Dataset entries
--*--

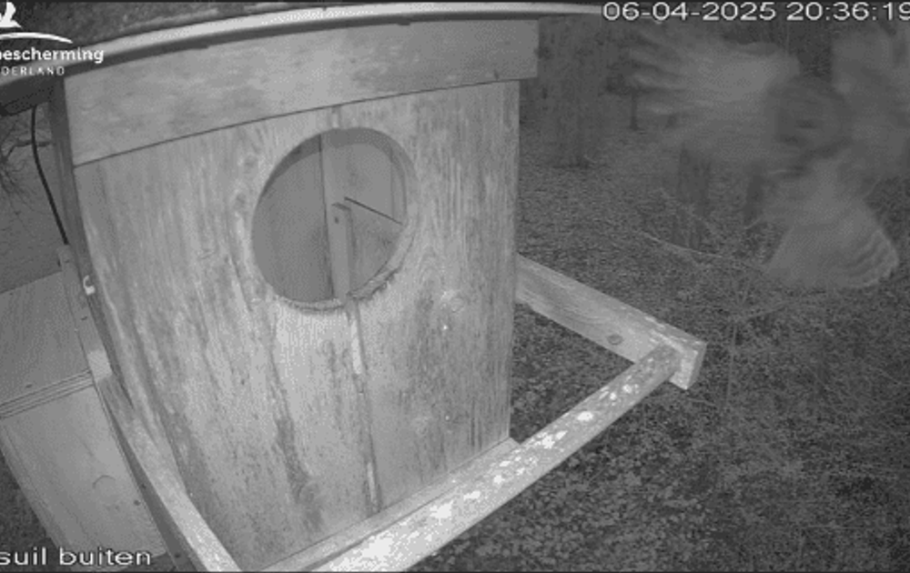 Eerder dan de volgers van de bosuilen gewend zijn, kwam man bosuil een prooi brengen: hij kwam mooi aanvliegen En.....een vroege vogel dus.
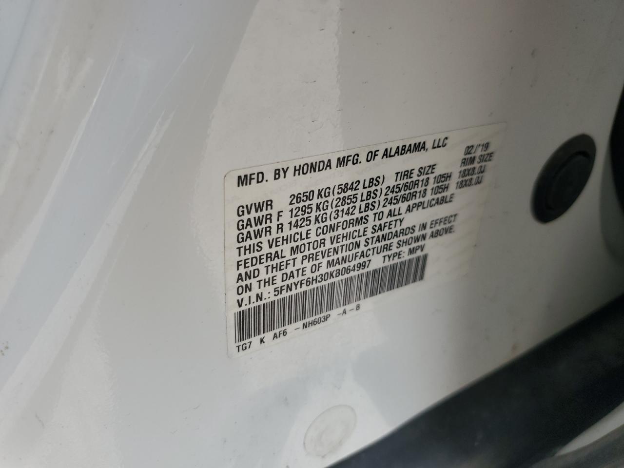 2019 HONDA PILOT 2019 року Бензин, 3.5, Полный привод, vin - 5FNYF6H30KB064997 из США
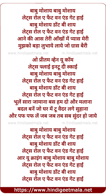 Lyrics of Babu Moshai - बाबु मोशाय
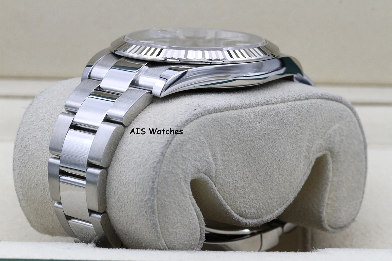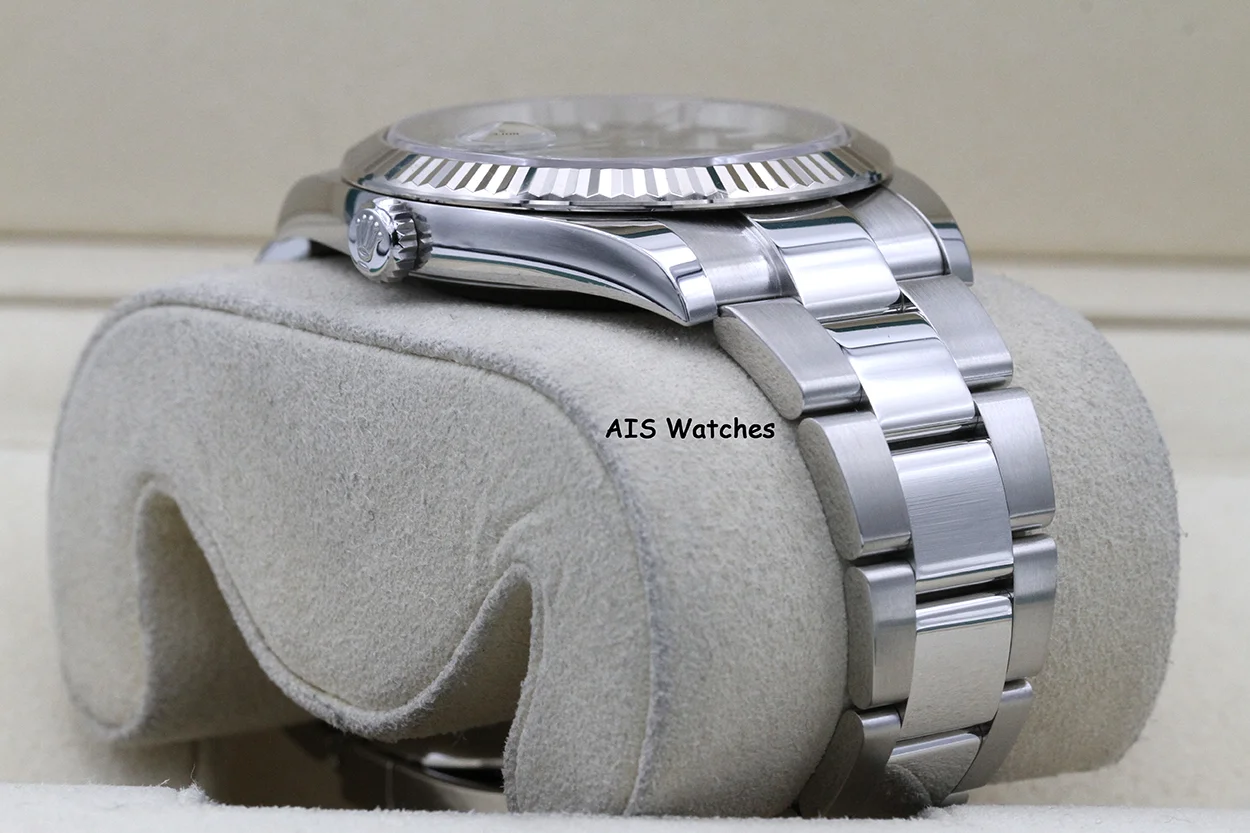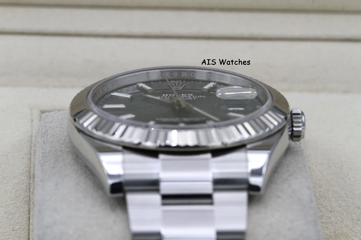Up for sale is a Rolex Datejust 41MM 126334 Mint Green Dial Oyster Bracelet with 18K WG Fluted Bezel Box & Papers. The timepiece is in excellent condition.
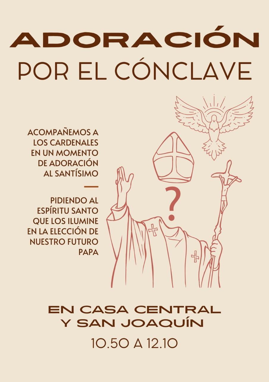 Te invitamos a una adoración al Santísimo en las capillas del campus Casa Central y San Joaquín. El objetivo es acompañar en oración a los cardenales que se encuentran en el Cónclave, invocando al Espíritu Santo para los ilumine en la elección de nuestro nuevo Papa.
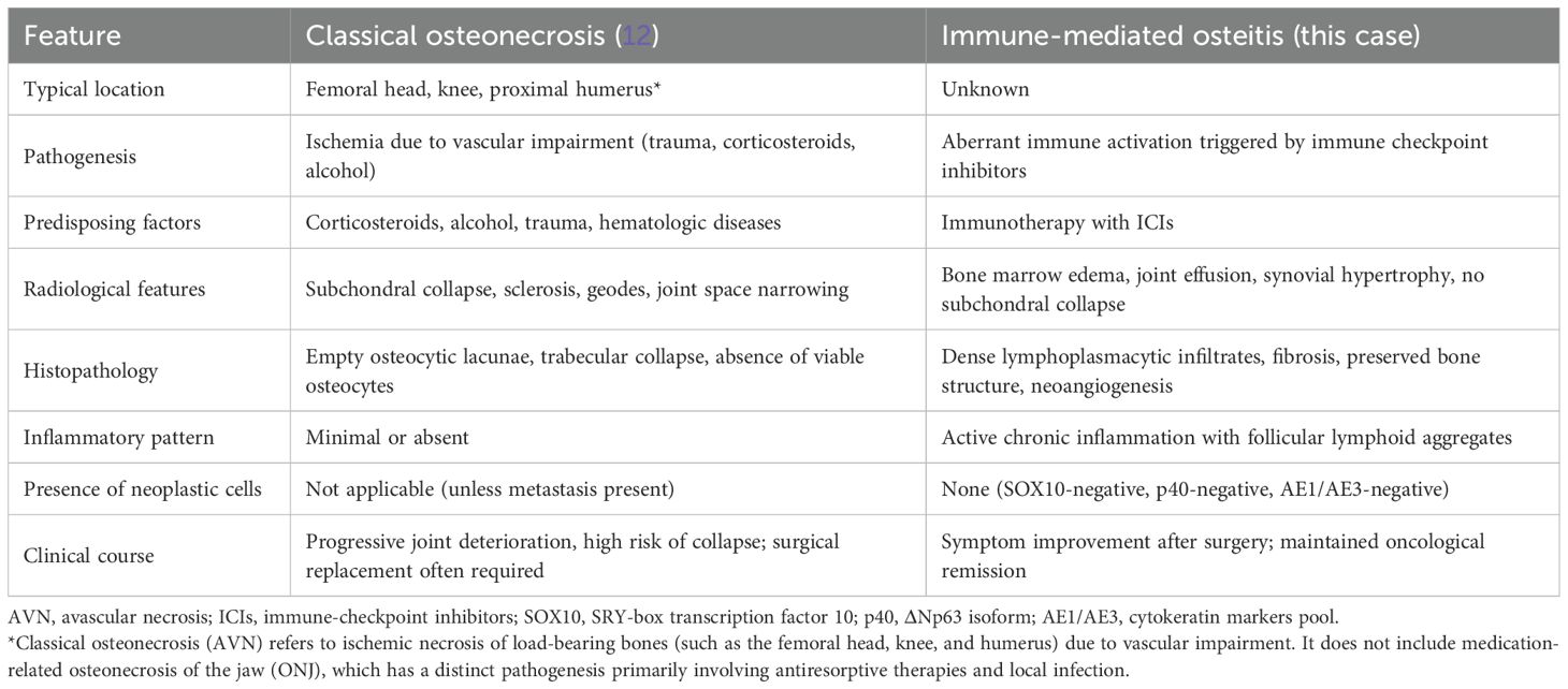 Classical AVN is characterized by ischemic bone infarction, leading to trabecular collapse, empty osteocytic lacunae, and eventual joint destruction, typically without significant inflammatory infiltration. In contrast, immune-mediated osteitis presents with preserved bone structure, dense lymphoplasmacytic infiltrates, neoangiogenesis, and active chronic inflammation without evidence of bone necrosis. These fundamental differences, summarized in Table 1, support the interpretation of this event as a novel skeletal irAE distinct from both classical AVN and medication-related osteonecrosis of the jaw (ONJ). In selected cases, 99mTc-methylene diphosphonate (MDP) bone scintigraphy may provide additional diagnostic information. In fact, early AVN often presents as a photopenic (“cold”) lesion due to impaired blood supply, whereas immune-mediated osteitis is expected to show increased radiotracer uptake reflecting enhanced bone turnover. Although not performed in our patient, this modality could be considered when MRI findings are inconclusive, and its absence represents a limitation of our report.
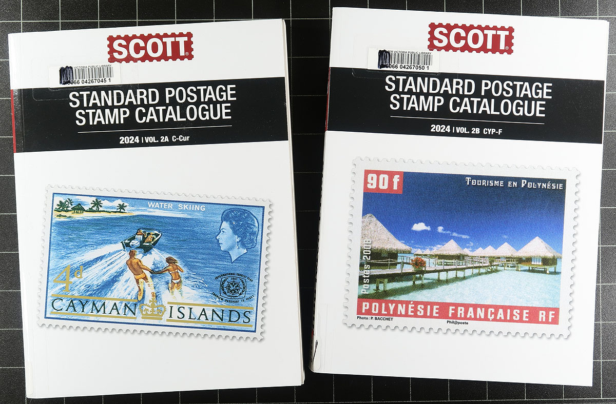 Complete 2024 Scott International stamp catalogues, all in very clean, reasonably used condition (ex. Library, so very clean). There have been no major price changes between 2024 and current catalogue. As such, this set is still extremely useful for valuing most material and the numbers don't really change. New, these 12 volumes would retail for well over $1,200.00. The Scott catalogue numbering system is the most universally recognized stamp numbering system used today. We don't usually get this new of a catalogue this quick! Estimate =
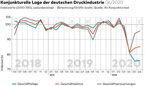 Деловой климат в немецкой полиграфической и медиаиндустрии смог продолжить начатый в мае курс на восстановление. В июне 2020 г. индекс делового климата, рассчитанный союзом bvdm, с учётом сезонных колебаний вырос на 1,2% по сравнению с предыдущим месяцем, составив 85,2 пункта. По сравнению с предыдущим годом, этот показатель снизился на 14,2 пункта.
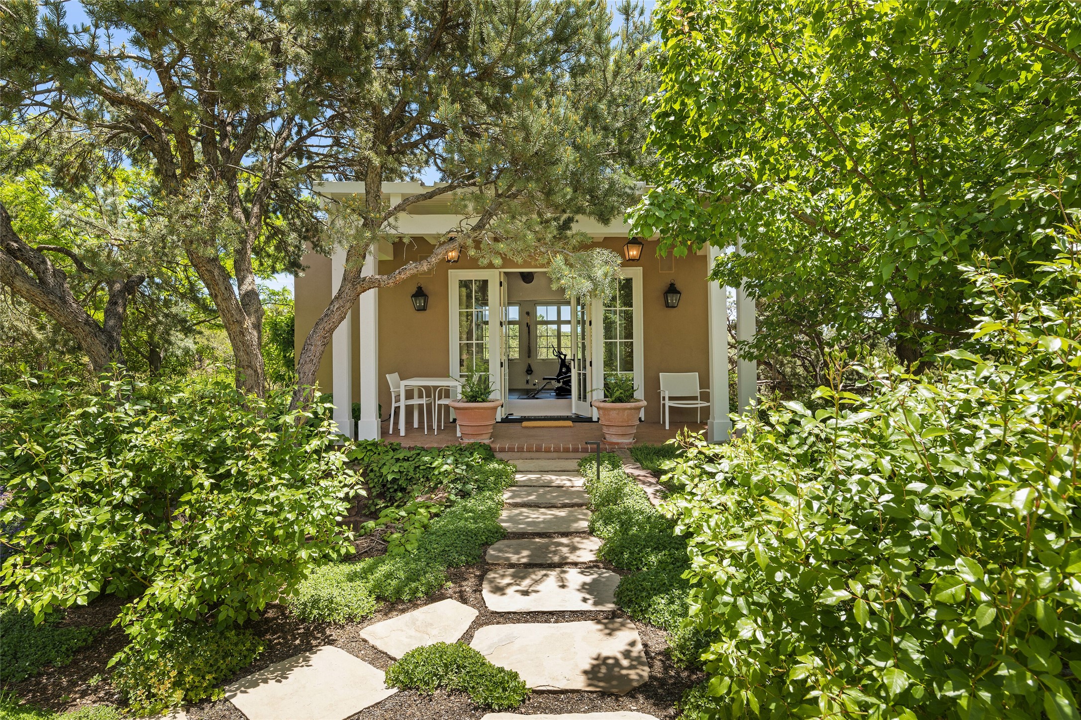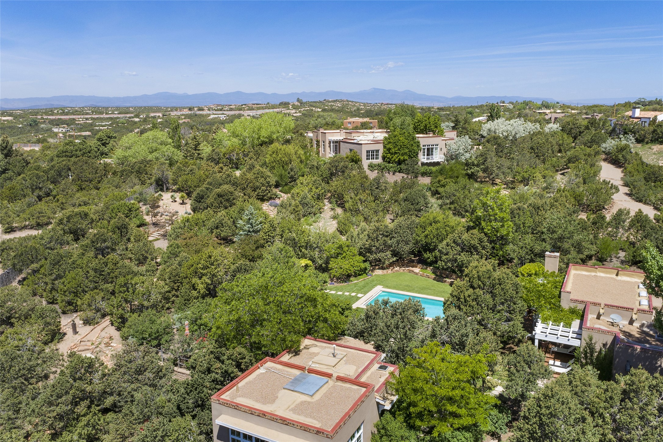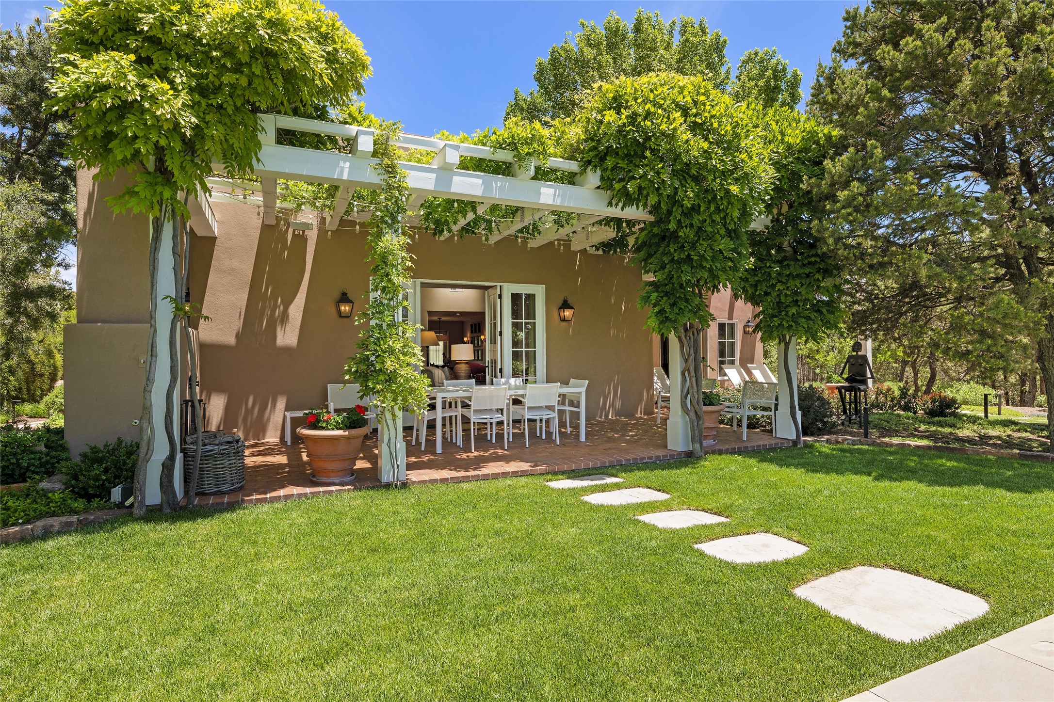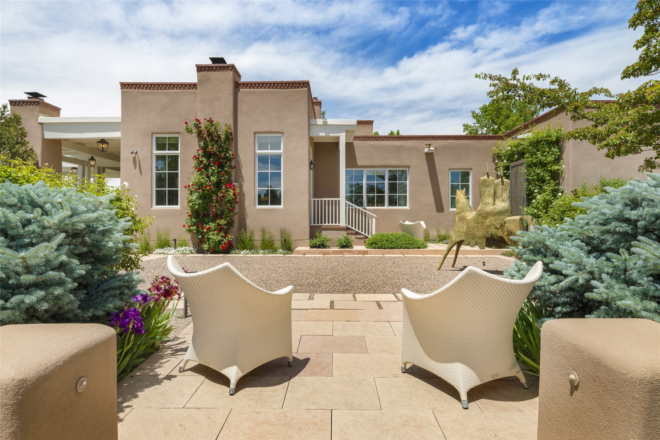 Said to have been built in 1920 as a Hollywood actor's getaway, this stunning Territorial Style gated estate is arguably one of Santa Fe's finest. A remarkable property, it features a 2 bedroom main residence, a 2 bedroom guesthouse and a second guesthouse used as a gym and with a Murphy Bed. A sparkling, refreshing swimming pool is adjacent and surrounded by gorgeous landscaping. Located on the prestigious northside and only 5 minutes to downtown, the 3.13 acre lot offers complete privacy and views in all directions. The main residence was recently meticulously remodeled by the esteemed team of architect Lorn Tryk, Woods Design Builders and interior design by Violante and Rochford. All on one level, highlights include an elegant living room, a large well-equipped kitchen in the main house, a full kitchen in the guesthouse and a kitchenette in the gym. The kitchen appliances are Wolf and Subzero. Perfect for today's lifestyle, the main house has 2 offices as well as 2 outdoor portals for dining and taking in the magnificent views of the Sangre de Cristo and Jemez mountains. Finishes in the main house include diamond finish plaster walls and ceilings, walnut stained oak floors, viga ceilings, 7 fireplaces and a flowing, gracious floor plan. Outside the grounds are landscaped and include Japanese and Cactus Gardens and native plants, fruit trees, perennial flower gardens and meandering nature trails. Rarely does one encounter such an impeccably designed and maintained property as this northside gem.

--*--

◆ **ASSIGNMENT**
Treat the line with "Classical AVN is" as the start and the line with "Complete 2024 Scott" as the end, and return exactly that span of the data above, both ends included, without pictures.

◆ **WRITTEN RESPONSE**
 Classical AVN is characterized by ischemic bone infarction, leading to trabecular collapse, empty osteocytic lacunae, and eventual joint destruction, typically without significant inflammatory infiltration. In contrast, immune-mediated osteitis presents with preserved bone structure, dense lymphoplasmacytic infiltrates, neoangiogenesis, and active chronic inflammation without evidence of bone necrosis. These fundamental differences, summarized in Table 1, support the interpretation of this event as a novel skeletal irAE distinct from both classical AVN and medication-related osteonecrosis of the jaw (ONJ). In selected cases, 99mTc-methylene diphosphonate (MDP) bone scintigraphy may provide additional diagnostic information. In fact, early AVN often presents as a photopenic (“cold”) lesion due to impaired blood supply, whereas immune-mediated osteitis is expected to show increased radiotracer uptake reflecting enhanced bone turnover. Although not performed in our patient, this modality could be considered when MRI findings are inconclusive, and its absence represents a limitation of our report.
 Complete 2024 Scott International stamp catalogues, all in very clean, reasonably used condition (ex. Library, so very clean). There have been no major price changes between 2024 and current catalogue. As such, this set is still extremely useful for valuing most material and the numbers don't really change. New, these 12 volumes would retail for well over $1,200.00. The Scott catalogue numbering system is the most universally recognized stamp numbering system used today. We don't usually get this new of a catalogue this quick! Estimate =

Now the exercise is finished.